Now after three years whenever we had any arguments she started to saying she wants to break up. Also she doesn't want to help me in business. She wants to be a normal Housewife. Last month she sends messages to my friend and deletes those sending message details. Also she talks with my friend and deleted phone logs. I found and asked why you are hiding. She says it is her privacy and I don’t have right to ask. We had big arguments and to save my marriage I solved our problems anyhow as I love my both children. 
I told her not to hiding anything & not to delete any phone logs or messages, also whenever she wants to talk with my friend or send messages to him, she can but inform me before or after. 
After few days I asked directly her whether she likes to have sex with my friend or not. She said she is interested to have sex with him, but after some more friendship talks with him to understand his willingness. She is changed a lot recently she becoming brave & bold from shy & afraid and also her face changing charming and very beautiful. I just admire bold, brave and beautiful ladies. 
What shall I do now? Shall I allow her to have sex with my friend? Will our relationship break up after that or what will happen if I keep my promise? Will I be neglected after that or is there any possibility of not having any love on me or she will take full interest in my friend. I want to know what worst part will happen if I allow. I LOVE HER TO MUCH SO I DON’T WANT ANY BREAKUPS AND MY TWO CHILDREN’S SHOULD NOT GET AFFECTED. THOUGH I'VE BROADMINDED I FEAR WHEN IT IS IN PRACTICE. PLEASE HELP ME AND GIVE ME GOOD ADVICE SO THAT I CAN KEEP MY WORD AND ALSO SAVE MY MARRIAGE LIFE WITHOUT LOSING ANYTHING.
:scratchhead:


----------



## LostAndContent (Feb 22, 2013)

If she's already told you she wants to break up she's probably already having sex with your friend. Let her know that you can't be in a halfway monogamous relationship, then tell her if she continues to pursue a romantic relationship with this man she needs to either agree to an open marriage or let you know so you can start getting divorce papers ready. Hopefully when she sees you're serious about the divorce (when you serve her the papers, not when you bring up the idea) she'll realize what she's throwing away and reconcile. "Fighting" to keep her won't solve anything, it will just let her know you're a doormat and confirm her decision to move on to a stronger man. You have to give her the impression that her leaving you won't inconvenience you at all, and that if she wants to pursue romantic relationships outside the marriage she'll end up with the short end of the stick when you start bringing home tail of your own.


----------



## LostAndContent (Feb 22, 2013)

She's super in the fog right now. Trying to ease her out of it won't work.


----------



## JustGrinding (Oct 26, 2012)

If you placed a live hand grenade on the table in front of you, pulled the pin, and resolved to sit and watch it, I suppose it's possible that you wouldn't be hit with any shrapnel. However, the "worst part that will happen" is that it would blow you into little pieces.

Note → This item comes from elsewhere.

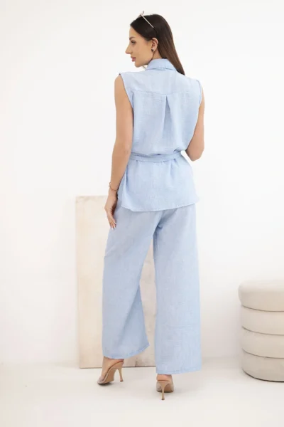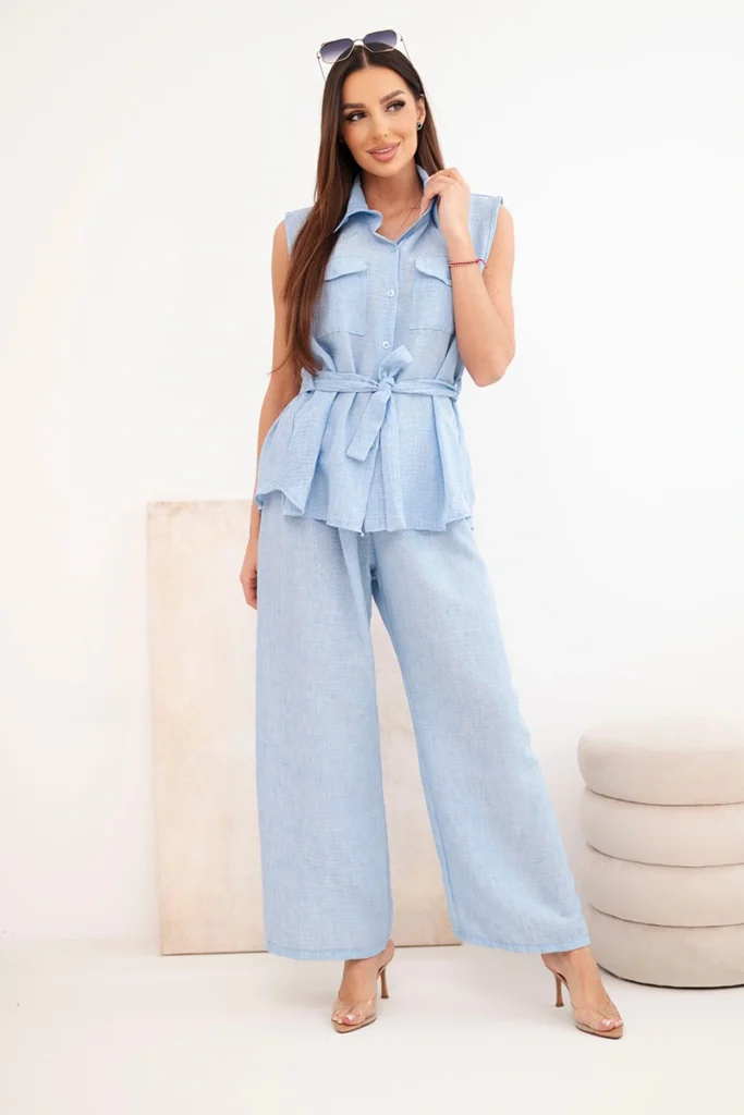 Komplet so širokými nohavicami a blúzkou s opaskom IT125 – svetlomodrá

The "worst part" is also the most-likely scenario.

I can tell English isn't your first language, so to clarify:

Don't! Do! It!


----------



## Cubby (Mar 28, 2012)

NO!!! Don't allow her to have sex with your friend. Everything changes after that.

Based on the fact that she's been talking to 'your friend,' don't be so sure she isn't currently having sex with him. 

Unfortunately, you opened the door to that adventure by bringing that idea into the bedroom. She was thrilled about it, and decided to explore it further.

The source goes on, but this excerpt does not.